Saved entries
###

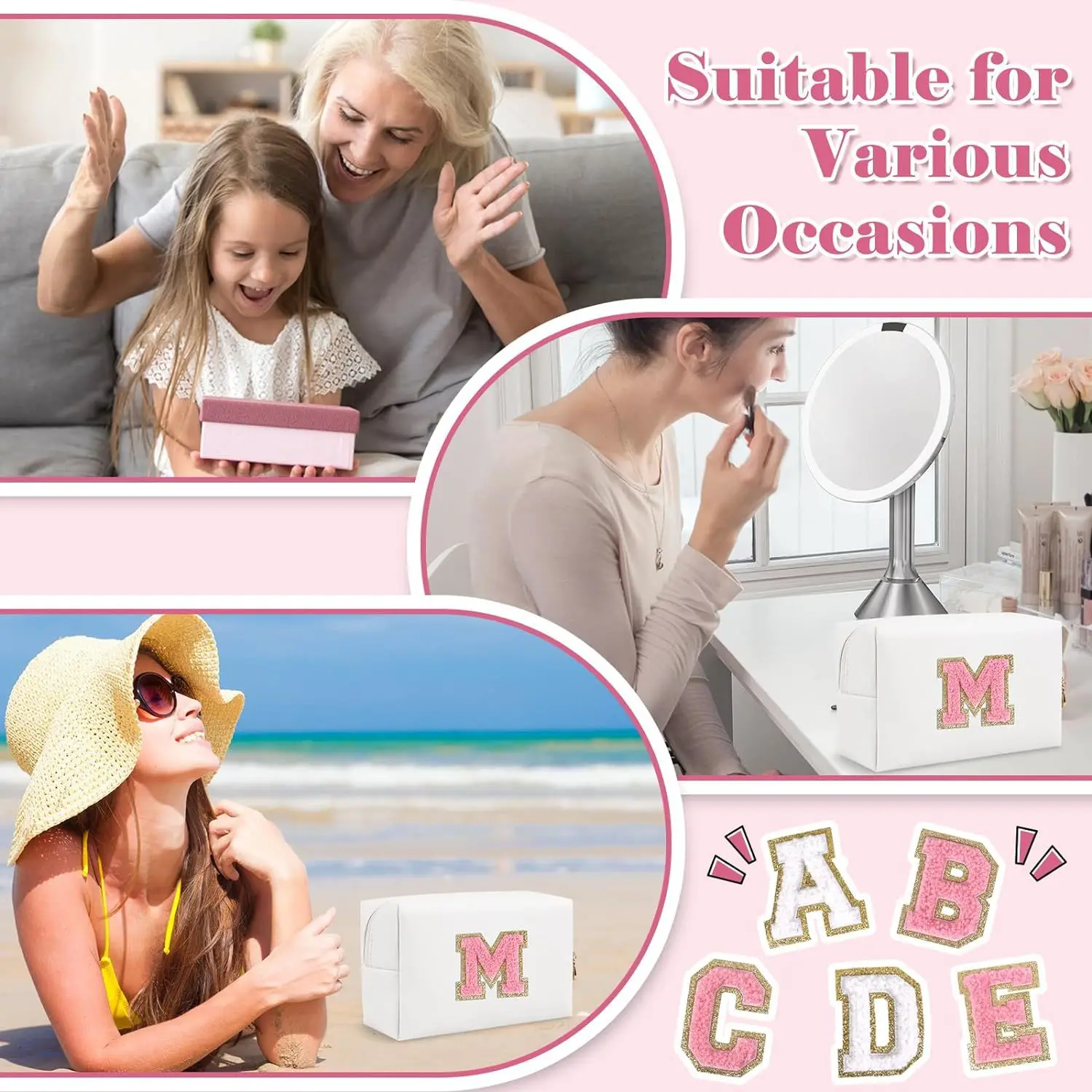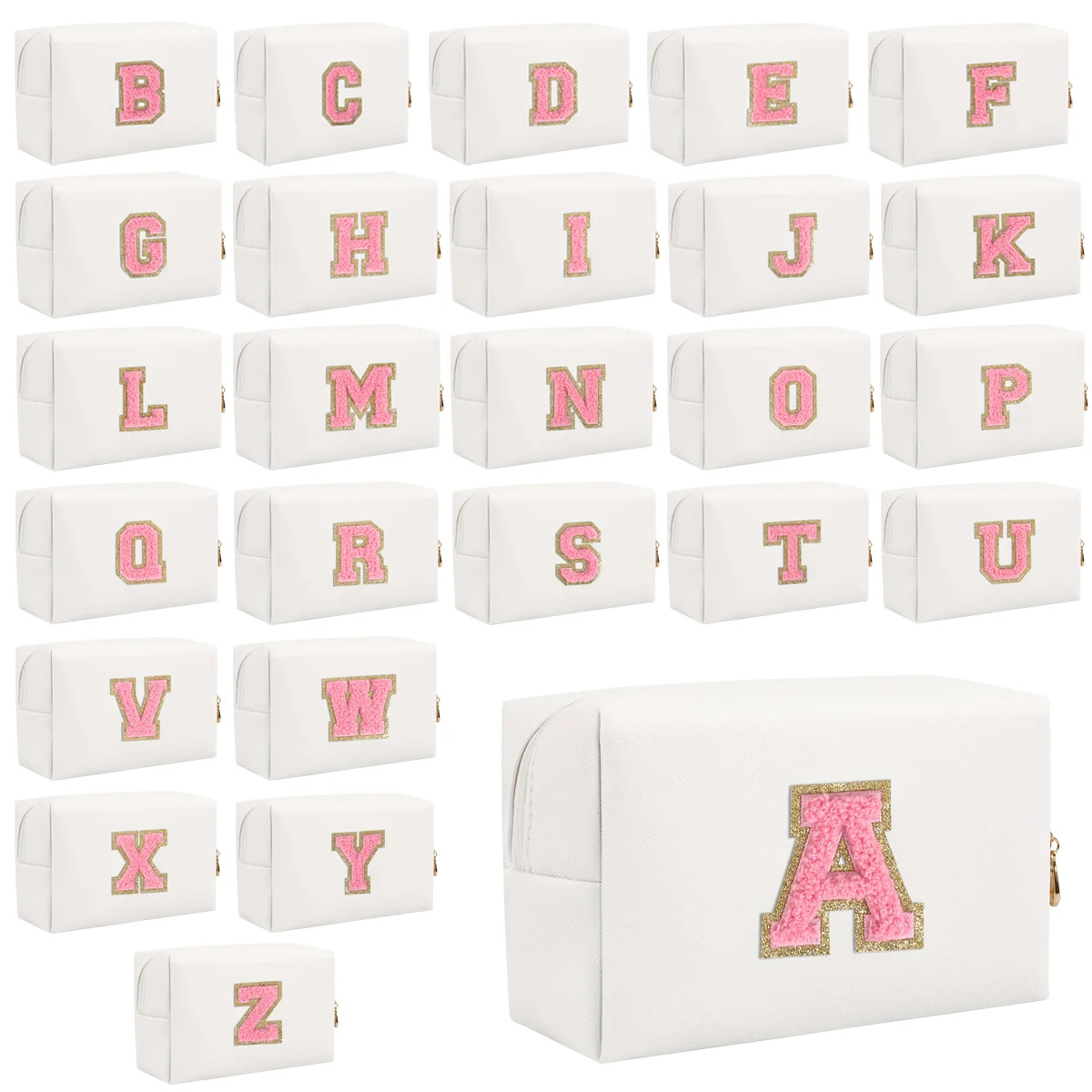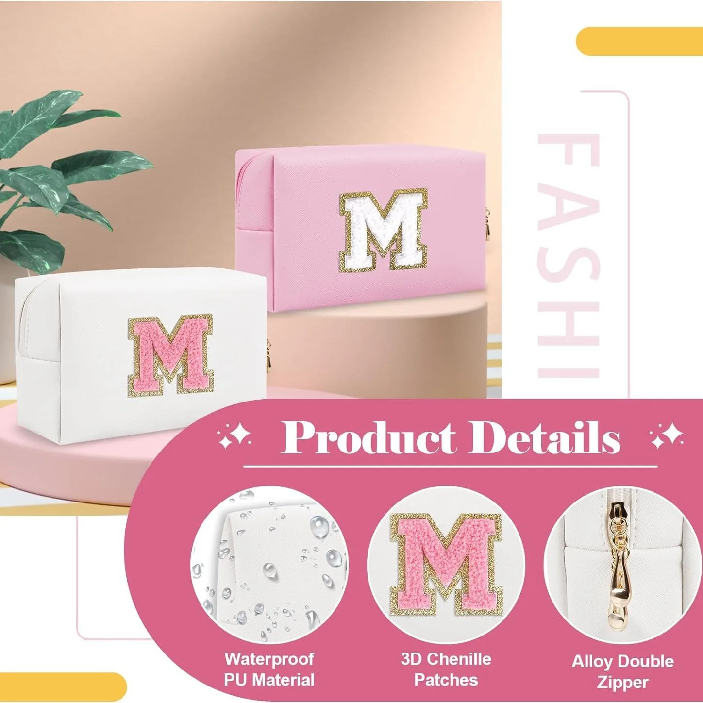 Initial Preppy Patches Personalized Makeup Bag PU Leather Travel Monogrammed Cosmetic Bag Toiletry Pouch for Teen Girls Women
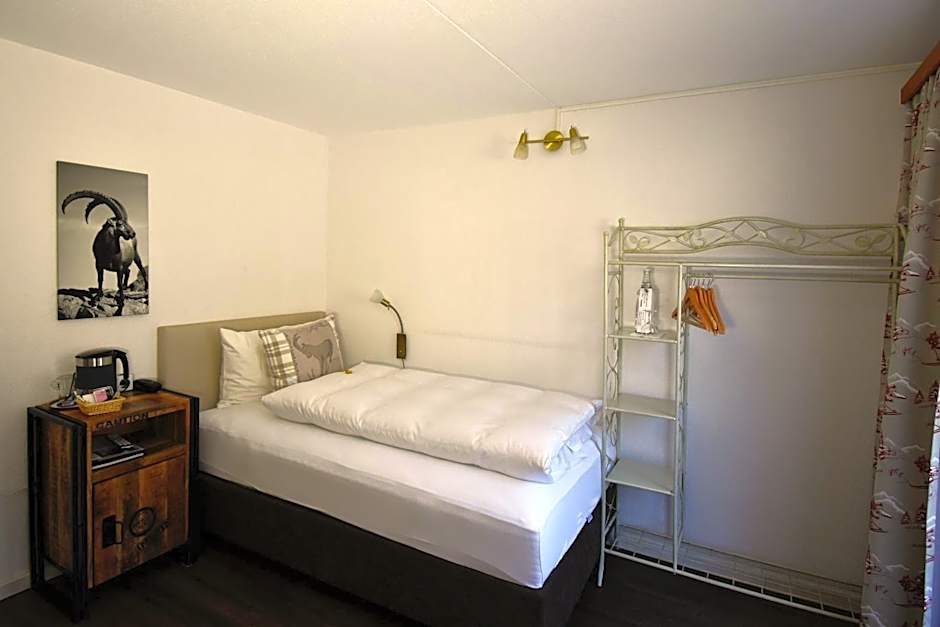 Cozy and quiet south-facing room with a sunny balcony offering views of the Eiger North Face.
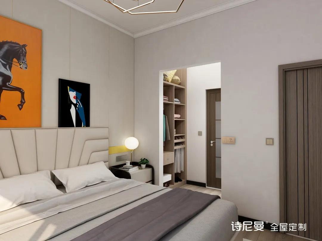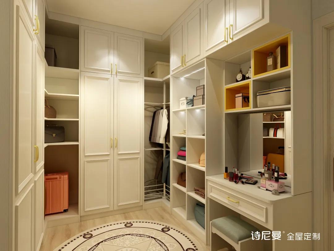 这个案例的卧室,房门旁刚好有个凹位可以设计衣帽间,方形空间大,正适合U型衣帽间。
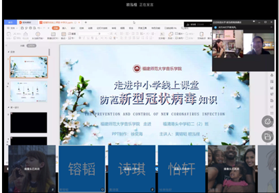3月25-30日,授课学生深入漳州艺术实验学校、福清港头中学等省内多所中小学开展线上云课堂。直播课上,他们详细介绍国内外疫情现状,以及战“疫”中展示出的中国速度、中国力量、中国担当、中国精神,生动讲述防疫路上的一个个感人故事。同时,带领学生一起演唱由音乐学院学生创作的原创歌曲《等待花开的时候》。
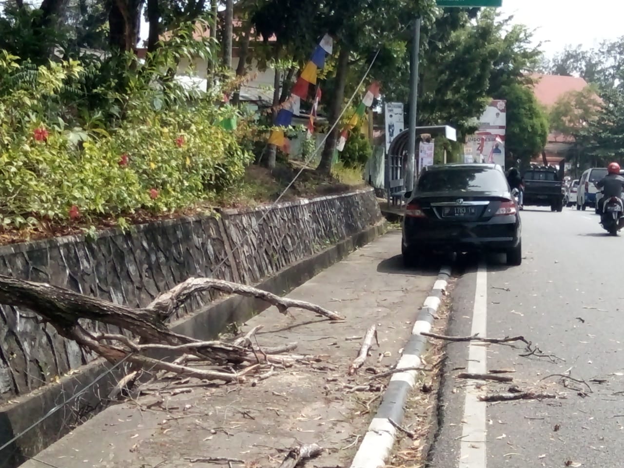 Saat berita ini diunggah, belum ada pihak-pihak terkait yang datang ke lokasi untuk membersihkan pohon tumbang tersebut dari trotoar.
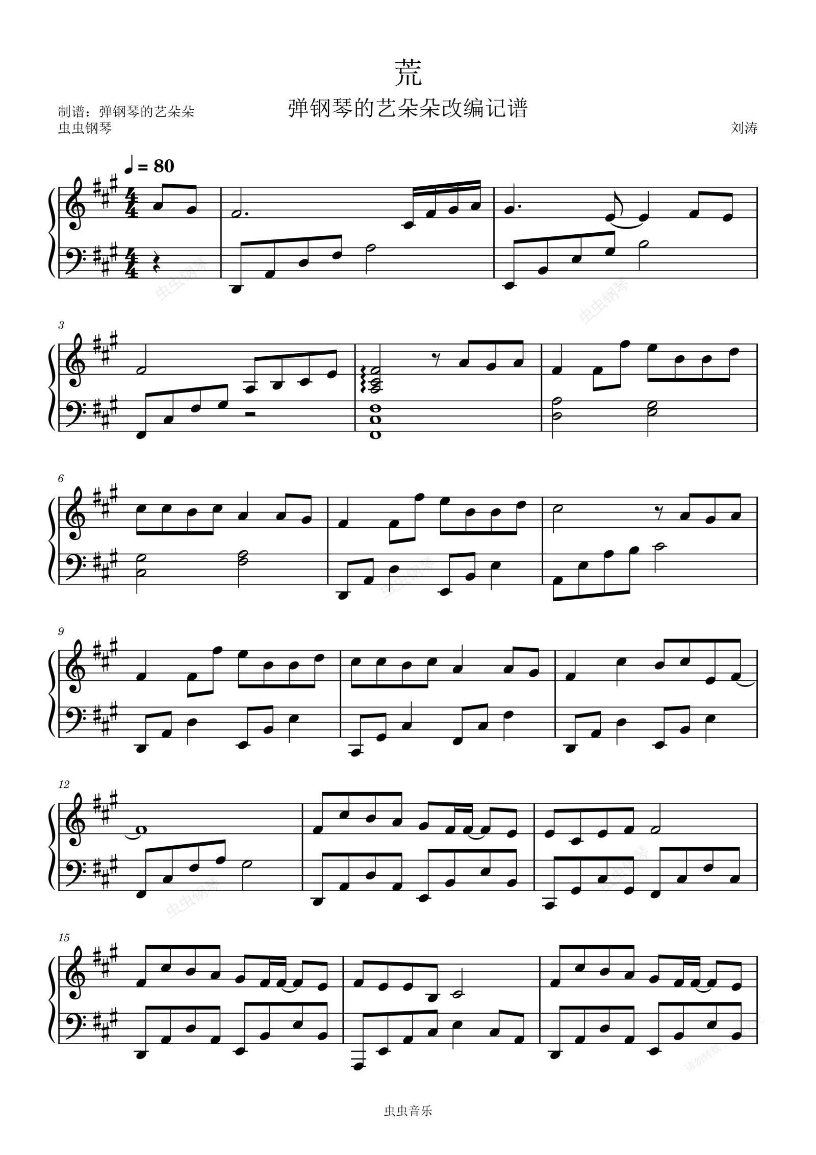 钢琴谱:荒(原调谱)
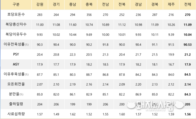 지난해 양돈 생산성적이 가장 높은 지역은 OO!
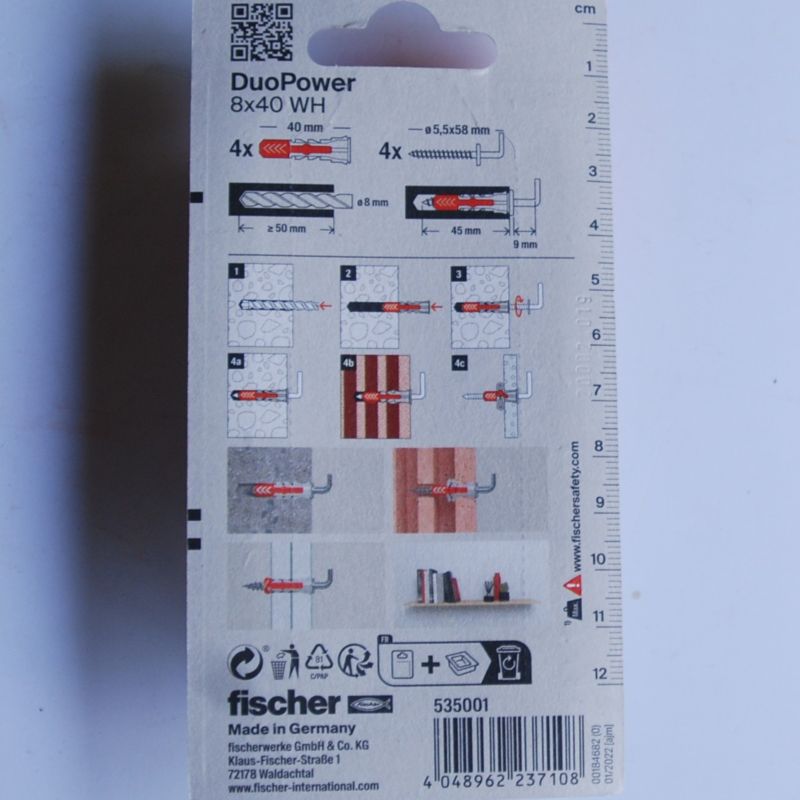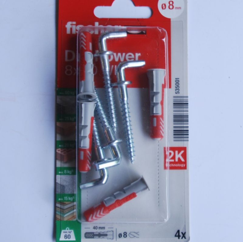 4 Chevilles tous matériaux DuoPower 8×40 WH avec crochet droit ref. 535001 FISCHER . Association de deux matières pour davantage de performances. Fonctionnement sûr pour les matériaux pleins (expansion) et de construction creux et en panneaux (se déploie/noeud). Installation facile : la collerette étroite empêche la cheville de glisser dans le perçage. Excellent feedback de la cheville – on sent précisément quand elle est correctement posée. Avec le crochet d’angle approprié pour une tenue parfaite.
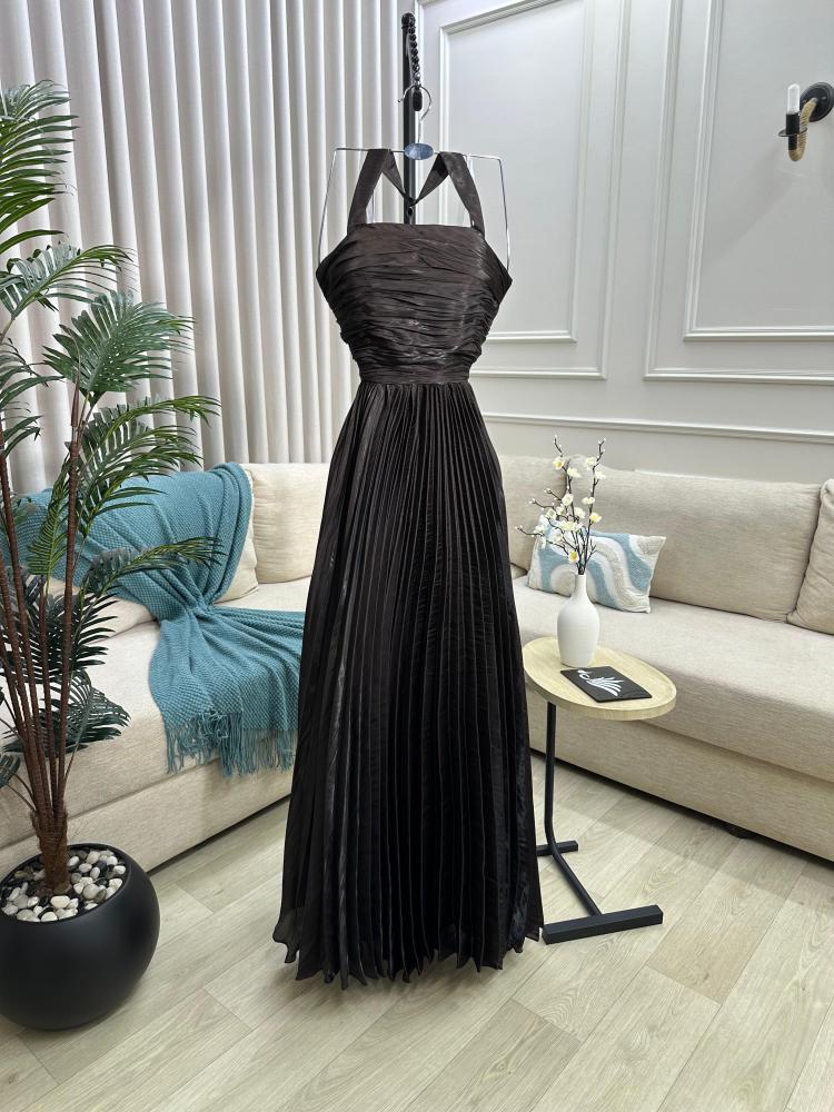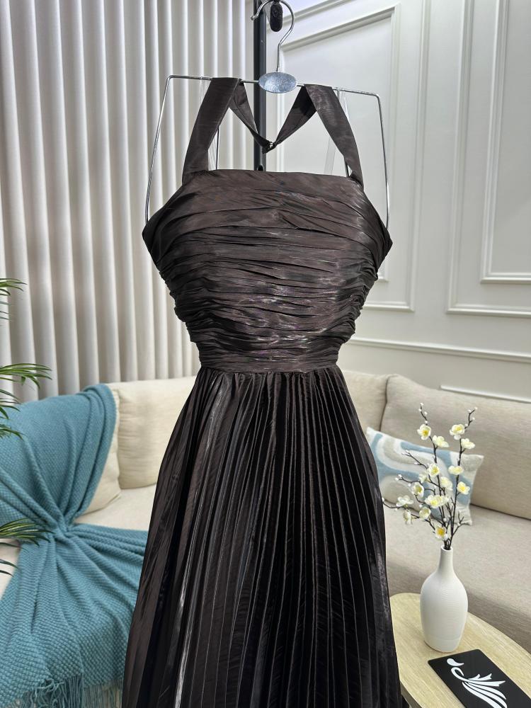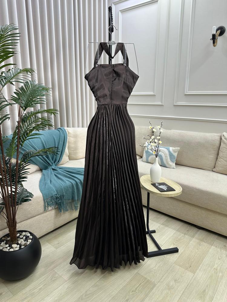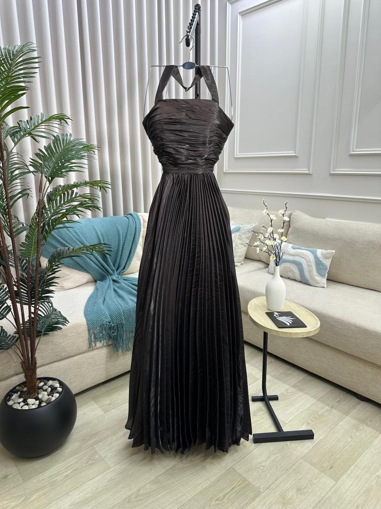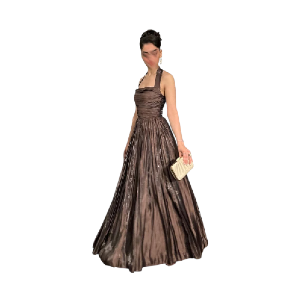 فستان سهرة طويل وأنيق بلون بني لامع (قد يميل إلى البرونزي الداكن) يتسم بـ قَصَّة الياقة المربوطة حول الرقبة (Halter Neck) التي تبرز الكتفين.
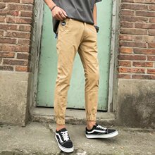 夏季薄款九分裤男士纯色卡其休闲裤男装青少年束脚裤学生哈伦裤子
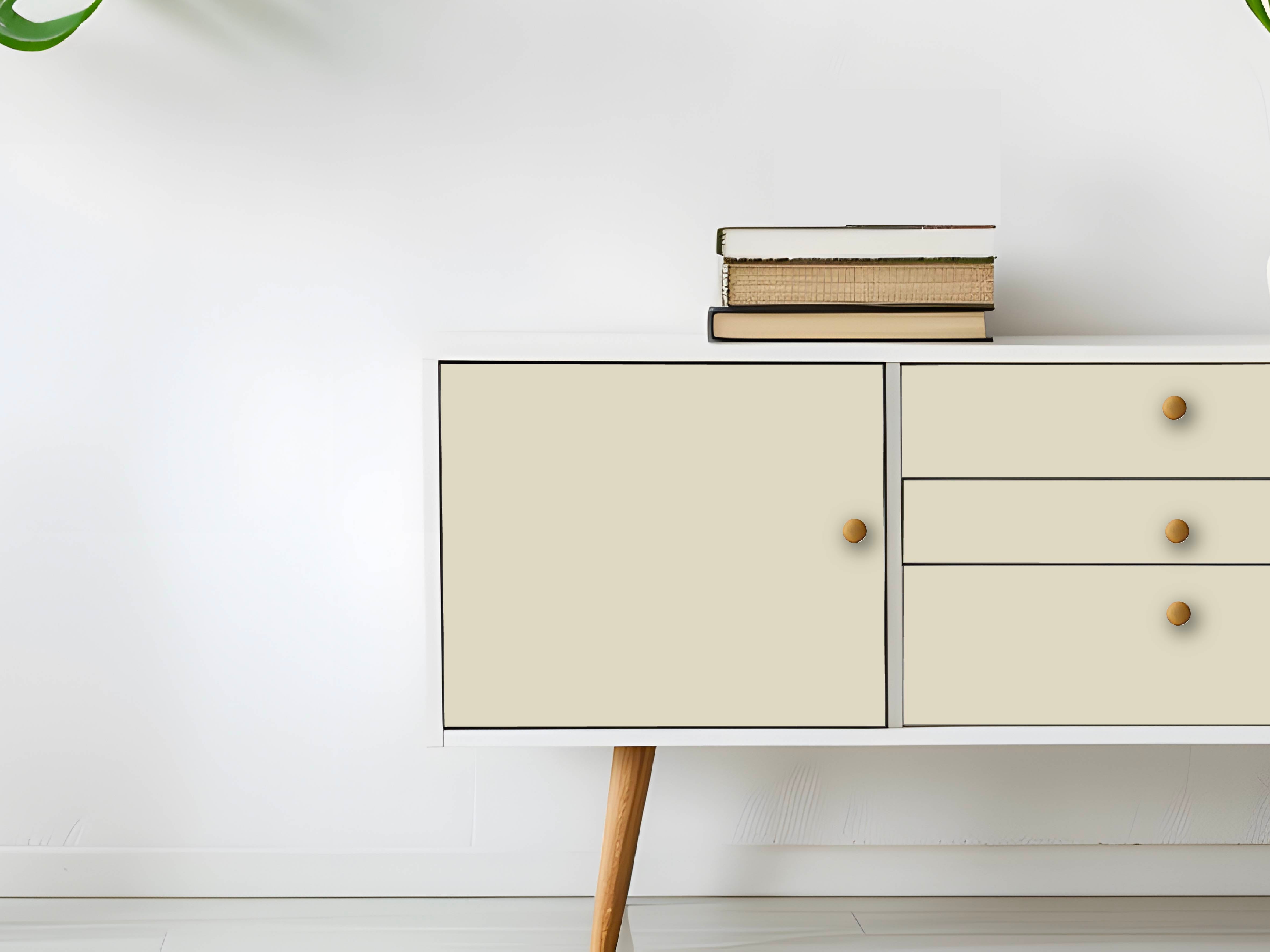 Möbelfolie Vanilla – einfarbige, sanfte Farbe in Vanille-Ton. Perfekt für einen dezenten, eleganten Look. Langlebig, selbstklebend und einfach blasenfrei anzubringen.

###

■ **Work required**: Leave the pictures out and output all of the data verbatim.

■ **Reply to the exercise**:
 Initial Preppy Patches Personalized Makeup Bag PU Leather Travel Monogrammed Cosmetic Bag Toiletry Pouch for Teen Girls Women
 Cozy and quiet south-facing room with a sunny balcony offering views of the Eiger North Face.
 这个案例的卧室,房门旁刚好有个凹位可以设计衣帽间,方形空间大,正适合U型衣帽间。
3月25-30日,授课学生深入漳州艺术实验学校、福清港头中学等省内多所中小学开展线上云课堂。直播课上,他们详细介绍国内外疫情现状,以及战“疫”中展示出的中国速度、中国力量、中国担当、中国精神,生动讲述防疫路上的一个个感人故事。同时,带领学生一起演唱由音乐学院学生创作的原创歌曲《等待花开的时候》。
 Saat berita ini diunggah, belum ada pihak-pihak terkait yang datang ke lokasi untuk membersihkan pohon tumbang tersebut dari trotoar.
 钢琴谱:荒(原调谱)
 지난해 양돈 생산성적이 가장 높은 지역은 OO!
 4 Chevilles tous matériaux DuoPower 8×40 WH avec crochet droit ref. 535001 FISCHER . Association de deux matières pour davantage de performances. Fonctionnement sûr pour les matériaux pleins (expansion) et de construction creux et en panneaux (se déploie/noeud). Installation facile : la collerette étroite empêche la cheville de glisser dans le perçage. Excellent feedback de la cheville – on sent précisément quand elle est correctement posée. Avec le crochet d’angle approprié pour une tenue parfaite.
 فستان سهرة طويل وأنيق بلون بني لامع (قد يميل إلى البرونزي الداكن) يتسم بـ قَصَّة الياقة المربوطة حول الرقبة (Halter Neck) التي تبرز الكتفين.
 夏季薄款九分裤男士纯色卡其休闲裤男装青少年束脚裤学生哈伦裤子
 Möbelfolie Vanilla – einfarbige, sanfte Farbe in Vanille-Ton. Perfekt für einen dezenten, eleganten Look. Langlebig, selbstklebend und einfach blasenfrei anzubringen.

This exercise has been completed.